Principal enjeu des discussions  : la possibilité pour la Bundeswehr (la force de défense fédérale) d’intervenir dans le cadre d’opérations de sécurité intérieure. «Il faudrait que dans certaines situations extrêmes comme les attaques terroristes, nous puissions recourir aux forces de la Bundeswehr», propose, dans le quotidien du dimanche Welt am Sonntag, le ministre de l’Intérieur du land de Bavière, Joachim Herrmann, membre du parti bavarois ultra-conservateur CSU, brisant par la même occasion un tabou. «Les réticences justifiées par l’histoire sont dépassées.

Nous ne vivons plus à l’époque de la République de Weimar [période de fragilité institutionnelle ayant précédé l’arrivée au pouvoir des nazis, ndlr]. Notre démocratie est absolument stable», poursuit le ministre. Depuis des mois, l’Allemagne s’attend à être à son tour victime du terrorisme. Le pays a été épargné jusqu’ici par des attaques de grande envergure, comme celles de Nice, Paris, Bruxelles, Londres ou Madrid. Mais les autorités allemandes ne cessaient de répéter que la question n’est pas de s’interroger sur la possibilité, un jour, d’une attaque terroriste dans le pays, mais plutôt de savoir quand.

L’hystérie collective qui s’est emparée de Munich vendredi soir –  paralysie totale des transports en commun, fermeture des autoroutes, interruption du trafic ferroviaire, intervention de forces spéciales bavaroises mais aussi d’autres länder et même d’Autriche  – en dit long sur la psychose sécuritaire du pays. Dans ce contexte, l’extrême prudence d’Angela Merkel dénote. La chancelière a en effet attendu vingt heures après l’attaque du forcené de Munich, une fois connu l’identité du tueur, avant de se présenter face aux caméras, à la différence de Barack Obama ou de François Hollande, qui ont témoigné le soir même de leur solidarité avec l’Allemagne.

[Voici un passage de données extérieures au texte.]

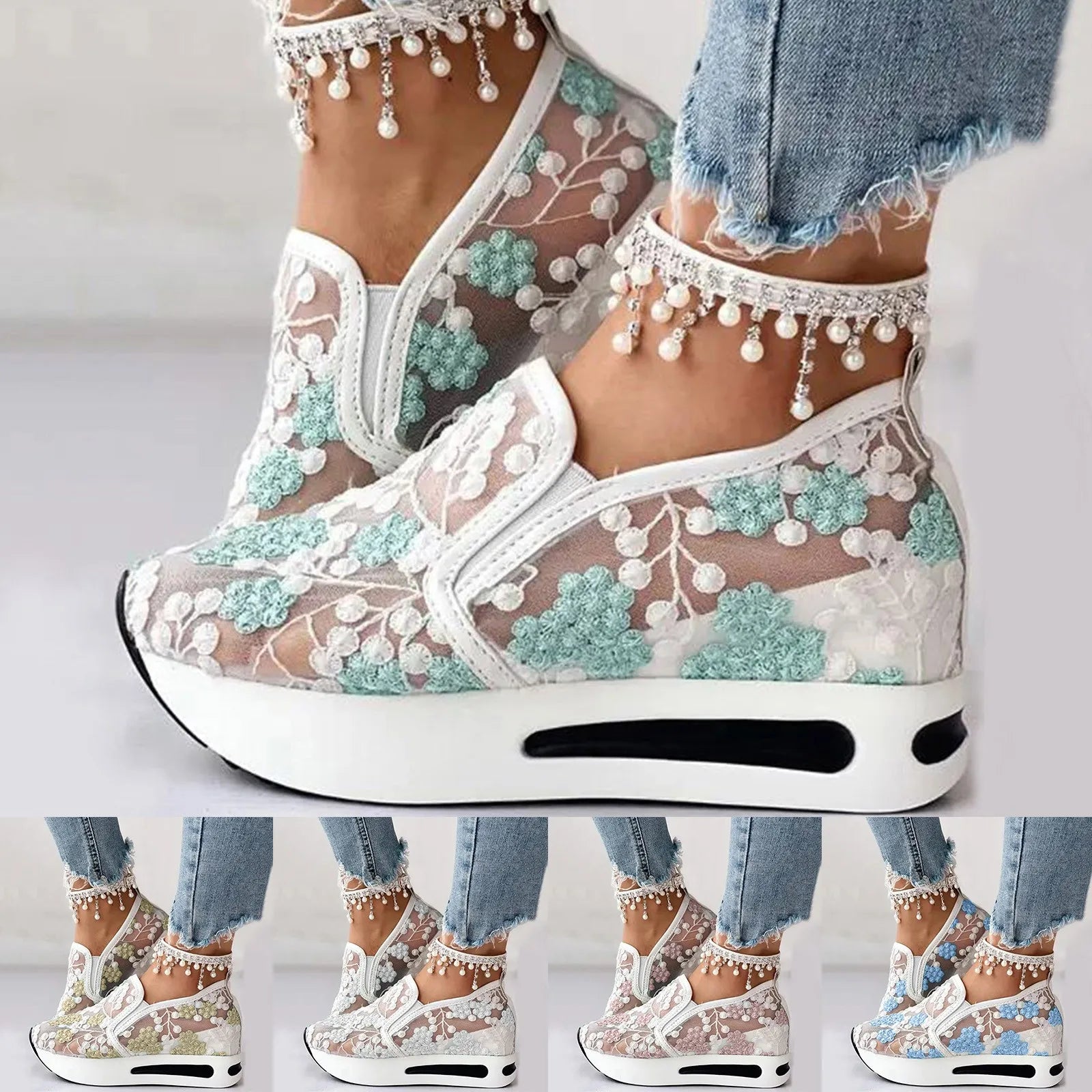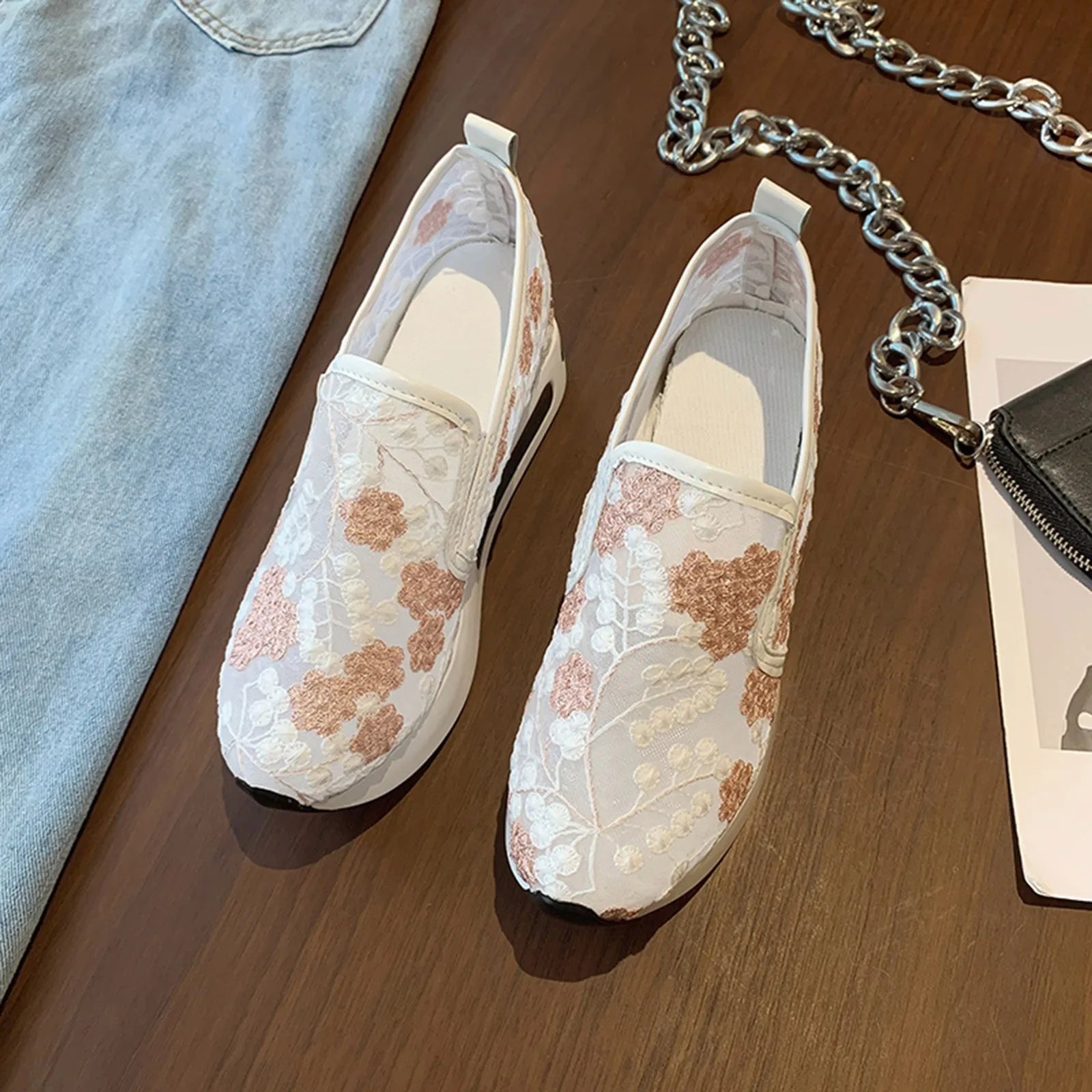 Chaussures pour femmes Chaussures décontractées confortables à semelle souple Chaussures décontractées en maille dentelle respirante pour l'extérieur à la mode
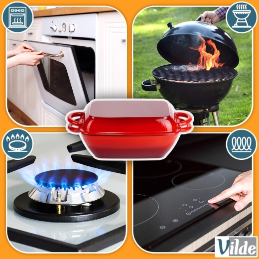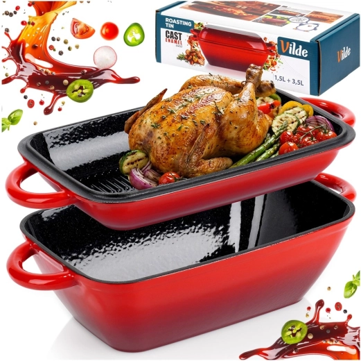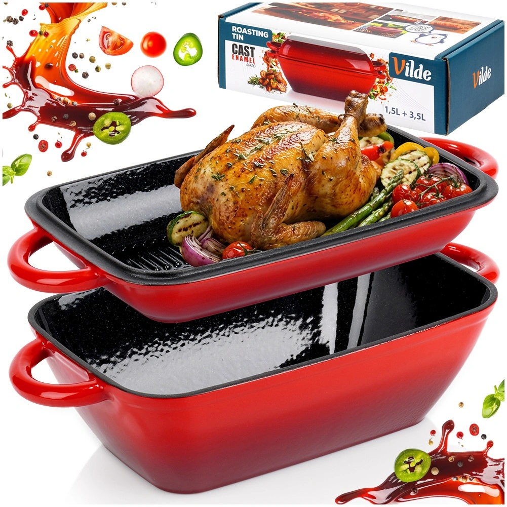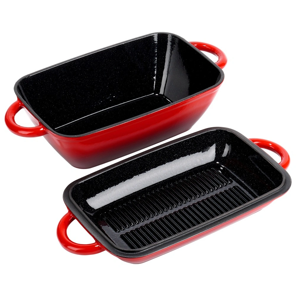 - Støbejern emaljeret bradepandesæt 2-i-1
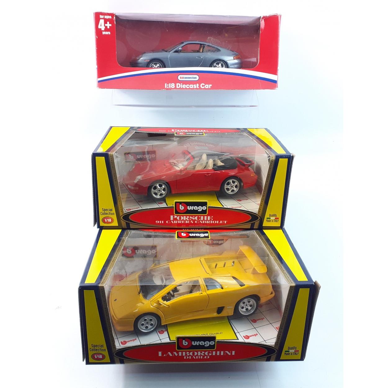 A 1:18 scale die cast lot of 3 models to include KID Connection PORSCHE, a BURAGO 911and a LAMBORGHINI Diablo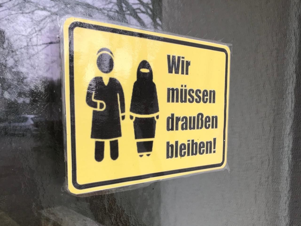 "Islamophobie von der gröberen Sorte... angebracht am Hauseingang eines nicht unbekannten Gewerbetreibenden im Kanton Aargau", prangert der IZRS auf Twitter an.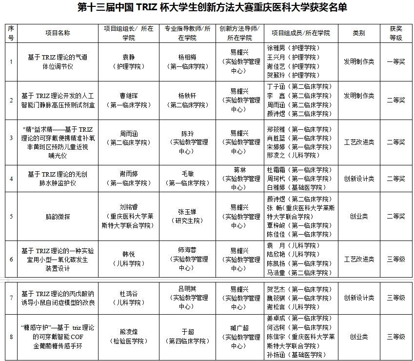 我校基于“AB平台-市级-国家级”三级大学生创新创业训练计划,深度融入TRIZ理论,鼓励学生运用TRIZ解决临床实际问题。依托生物医学创新创业实践基地,配备“TRIZ导师+专业导师”的双导师团队,搭建师生对接平台,通过TRIZ理论培训和项目打磨筛选出优质医学创新项目。在前期校赛阶段共有30个团队成功报名,经决赛答辩25个团队脱颖而出,推荐进入市赛;在重庆市比赛中,我校共获得特等奖2项、一等奖5项、1项二等奖,三等奖7项,位居市内高校前列。其中获得二等奖以上的8个项目获推进入国赛,经国赛决赛网评,3项获评为三等奖,5项进入现场总决赛争夺一、二等奖。在现场总决赛的赛场上,我校5支团队的代表讲解自信流畅,答辩沉着冷静,充分展示了我校学子的双创风采和“TRIZ+医学”的融合优势,圆满完成总决赛比赛任务,取得优异成绩。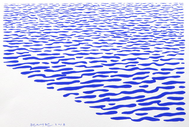 작가는 시간의 흐름과 그에 따른 역사의 축적을 물결이미지로 표현합니다. 문명의 흔적이 담긴 인쇄물은 방대한 인류 이야기의 오브제가 되어 끊임없는 연속과 과정의 물결이 되었습니다. 동심원의 물결무늬에서부터 유유히 흘러가는 물결, 영하의 온도가 느껴지는 무겁고 날카로운 물결이 있는가하면 물결이 모래바닥을 훑고 지나간 듯한 모양까지, 작가는 이러한 다채로운 표현에서 이 시대 사람들이 잠시나마 영겁의 편린(片鱗)을 보고 느껴준다면 그것으로 만족한다고 말합니다.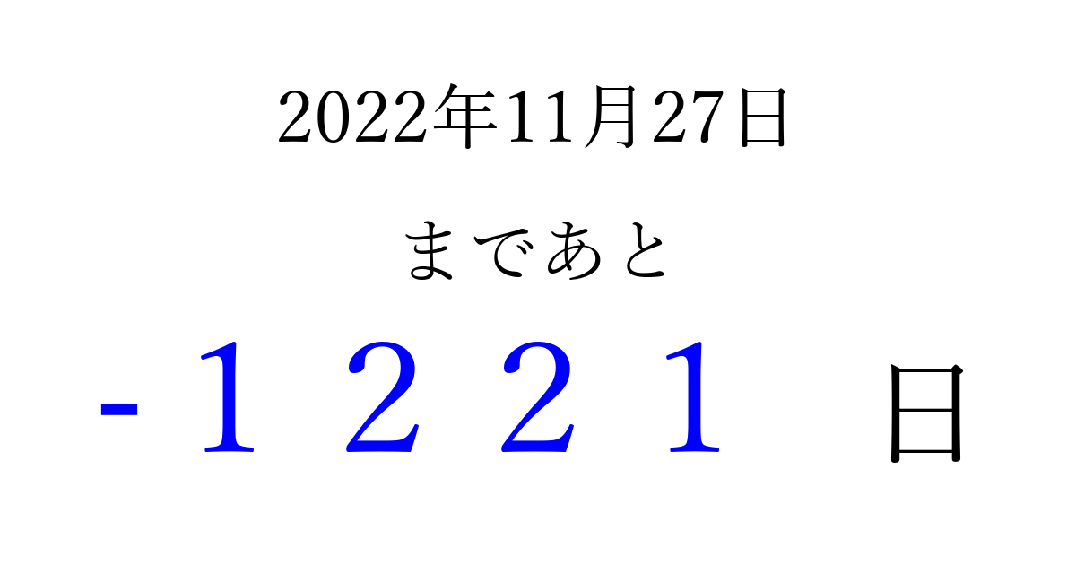 2022年11月27日(日)は もう 0000 日過ぎました 追加すると、トップページからすぐ選べるようになります ※2026/04/01現在の結果です。 最新の状態に更新する ↓シェアして、タイムライン上にカウントダウンを表示しよう!↓ 📤 この結果を共有する Tweet シェア Threads Bluesky 別の日付でカウントダウン 2022年11月のカレンダー このページをブックマークに追加すると、いつでもカウントダウンを確認できます。 (PC: Ctrl+D / Mac: ⌘+D) hitome-notes.comでは以下のページも運営しています。 指定日と期間から日付を計算 | ガチャ確率計算・シミュレーション | プライバシー・ポリシー 運営者:Avocado

Le temps pour elle de s’assurer qu’il ne s’agissait ni d’une attaque terroriste de type islamiste ni d’une agression de l’extrême droite, le jour du cinquième anniversaire de la tuerie de Utoya, en Norvège, ni de l’acte d’un réfugié, mais d’une «tuerie classique» de forcené, l’œuvre d’un garçon fragile connu pour des épisodes dépressifs. Confrontée à une poussée de l’extrême droite aux élections régionales du printemps et à l’approche des législatives de l’automne 2017, Angela Merkel veut à tout prix éviter un amalgame entre l’agression de Munich et l’arrivée d’un million de réfugiés, accueillis l’an passé à son initiative et sans véritable contrôle d’identité. Une stratégie qui pourrait être affaiblie par le meurtre à la machette dimanche  d’une femme à Reutlingen,  perpétré par un demandeur d’asile syrien de 21 ans qui a été interpelé.  Il aurait agi seul comme à Munich.